* _Instructions to follow_: Your answer must be an exact copy of the data, without any pictures.

* _Collected data_:
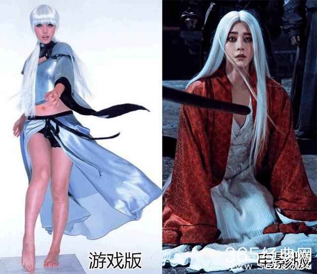 同样是范冰冰的白发魔女系列,电影版的是楚楚可怜小魔女,游戏版是红皮肤粗腿怪阿姨。
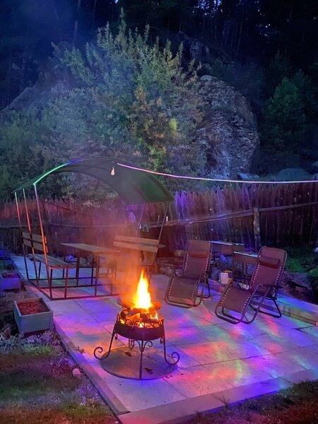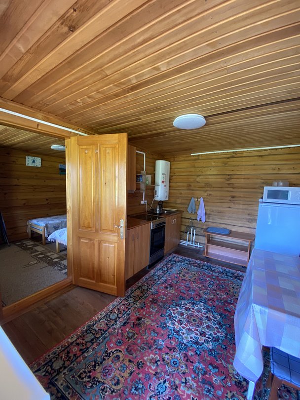 Дом оборудован кухней, тёплым душем, а также подарит отдыхающим потрясающий вид на горы.
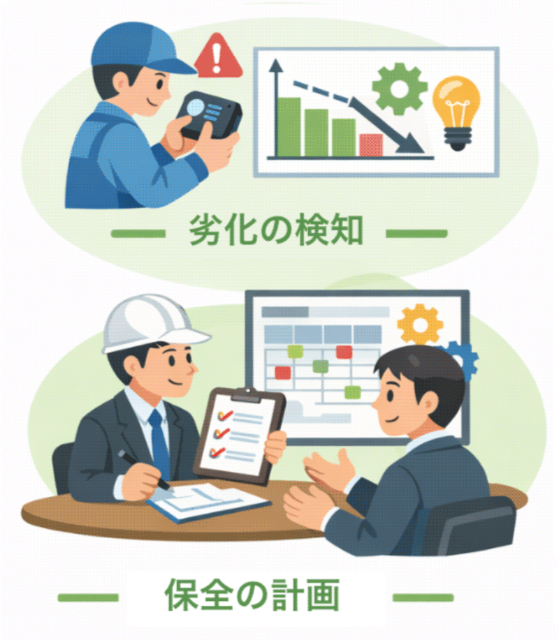 このサイクルを回すことで、社内にノウハウが蓄積され、設備管理のレベルを継続的に高めることができます。

* _Exercise response_:
 同样是范冰冰的白发魔女系列,电影版的是楚楚可怜小魔女,游戏版是红皮肤粗腿怪阿姨。
 Дом оборудован кухней, тёплым душем, а также подарит отдыхающим потрясающий вид на горы.
 このサイクルを回すことで、社内にノウハウが蓄積され、設備管理のレベルを継続的に高めることができます。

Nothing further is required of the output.